- [Given data]:
== Segment start ==

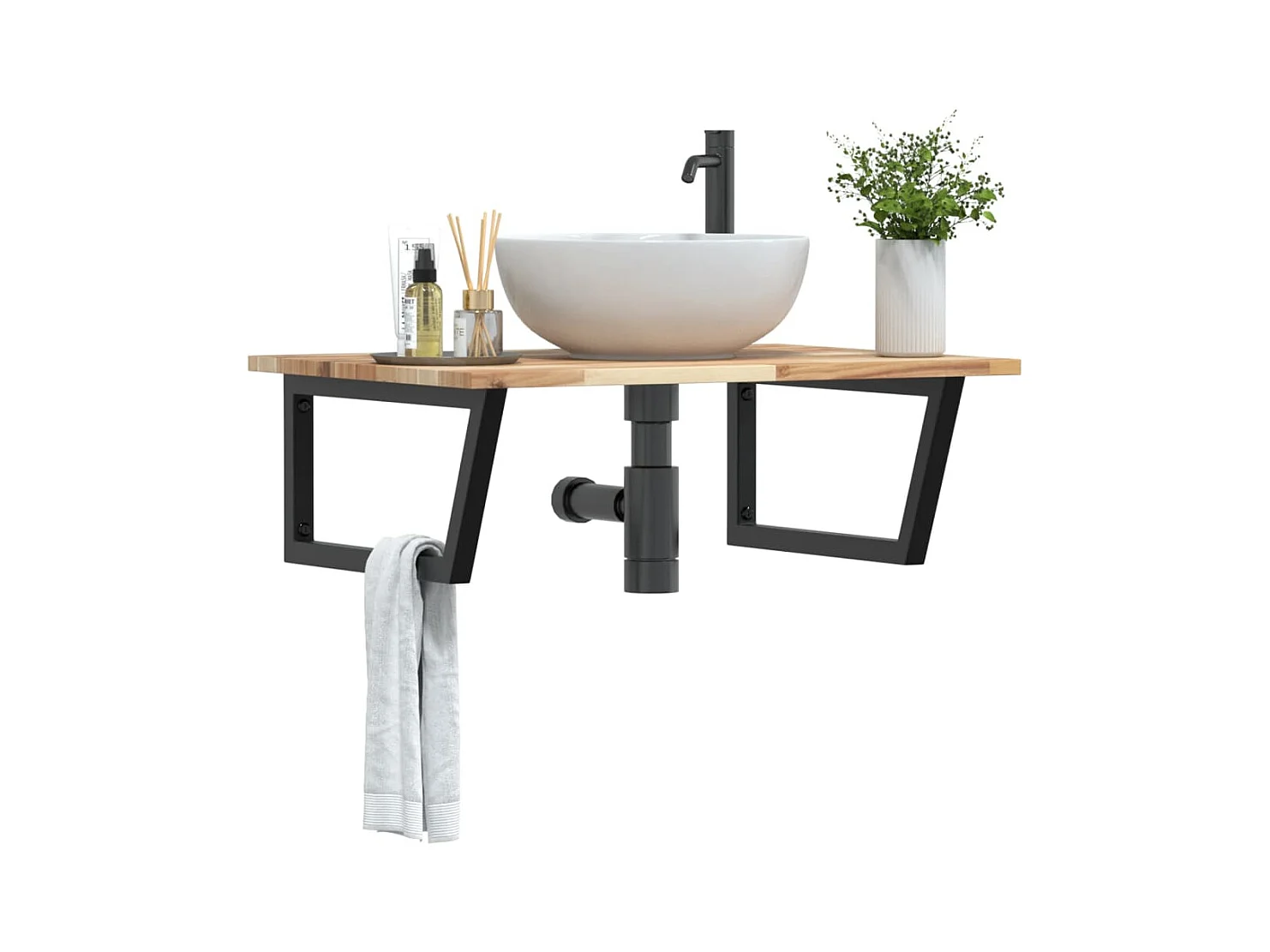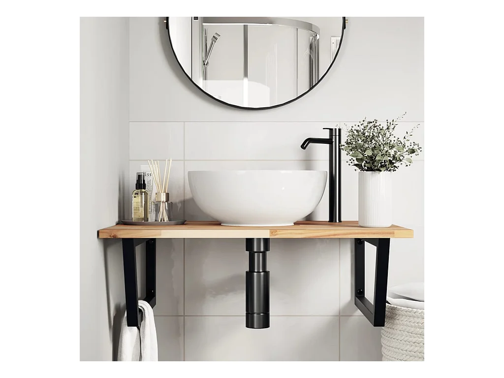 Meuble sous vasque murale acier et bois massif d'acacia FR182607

== Segment end ==
== Segment start ==

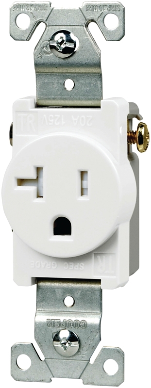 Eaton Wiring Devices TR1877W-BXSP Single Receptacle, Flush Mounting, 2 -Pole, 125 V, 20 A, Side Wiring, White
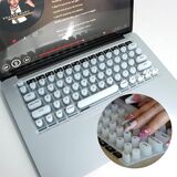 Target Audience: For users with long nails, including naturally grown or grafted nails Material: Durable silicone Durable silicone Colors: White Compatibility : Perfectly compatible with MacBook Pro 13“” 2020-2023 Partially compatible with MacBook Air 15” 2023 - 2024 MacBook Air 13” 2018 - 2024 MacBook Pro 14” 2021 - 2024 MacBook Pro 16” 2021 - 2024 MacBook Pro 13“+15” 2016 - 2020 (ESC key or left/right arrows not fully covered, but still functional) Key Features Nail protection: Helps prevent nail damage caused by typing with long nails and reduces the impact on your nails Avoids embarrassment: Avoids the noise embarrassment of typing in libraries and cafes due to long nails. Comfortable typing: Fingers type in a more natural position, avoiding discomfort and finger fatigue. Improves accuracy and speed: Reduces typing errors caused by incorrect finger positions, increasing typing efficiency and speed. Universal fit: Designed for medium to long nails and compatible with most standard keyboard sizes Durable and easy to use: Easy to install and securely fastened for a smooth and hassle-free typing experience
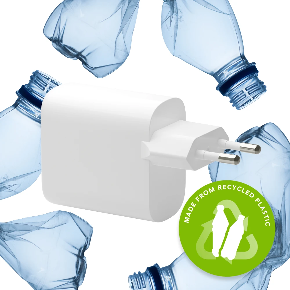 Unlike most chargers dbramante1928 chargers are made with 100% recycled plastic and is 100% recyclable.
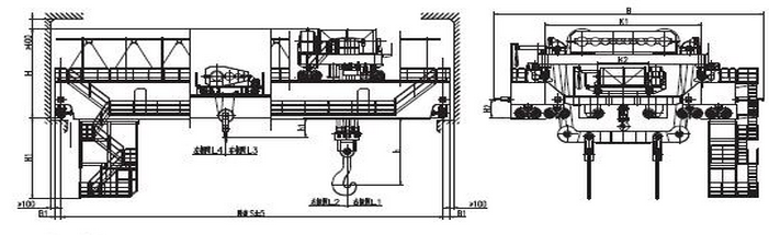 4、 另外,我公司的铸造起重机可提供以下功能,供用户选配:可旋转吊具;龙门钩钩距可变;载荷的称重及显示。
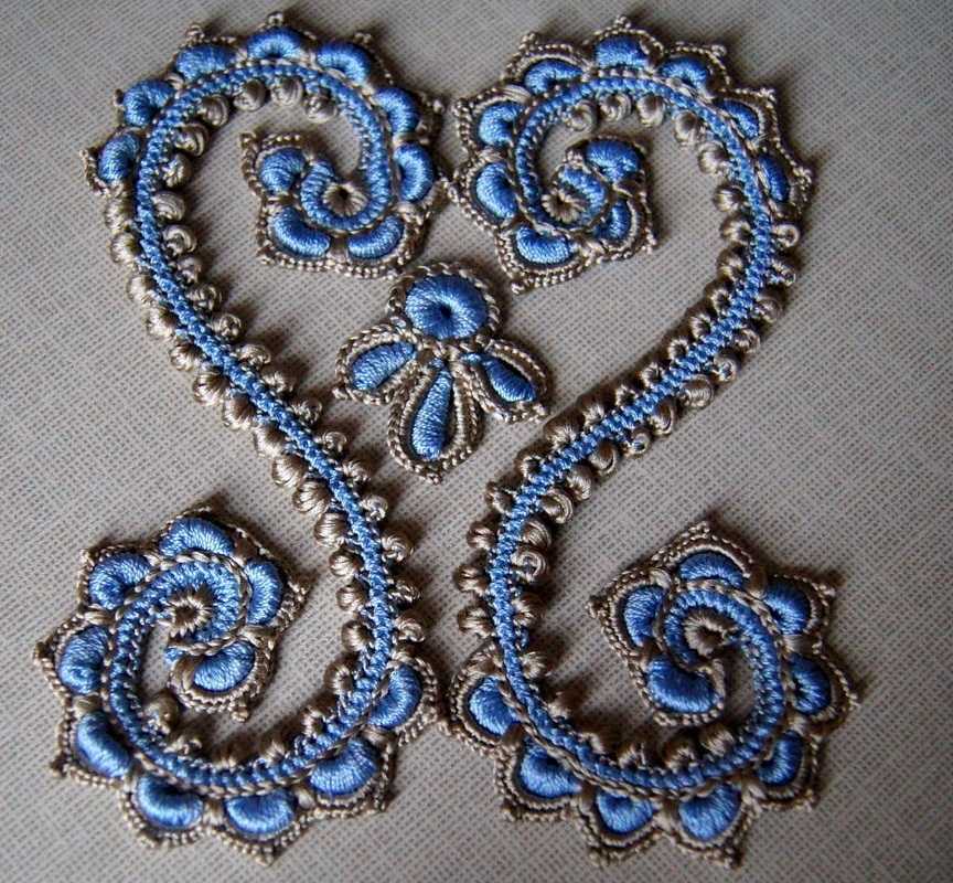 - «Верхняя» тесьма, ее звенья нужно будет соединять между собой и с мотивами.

== Segment end ==

- [Try it]: Take the material above from the line containing "Unlike most chargers" up to and including the line containing "и с мотивами." and retype it exactly, without any pictures.

- [Solution for this task]:
 Unlike most chargers dbramante1928 chargers are made with 100% recycled plastic and is 100% recyclable.
 4、 另外,我公司的铸造起重机可提供以下功能,供用户选配:可旋转吊具;龙门钩钩距可变;载荷的称重及显示。
 - «Верхняя» тесьма, ее звенья нужно будет соединять между собой и с мотивами.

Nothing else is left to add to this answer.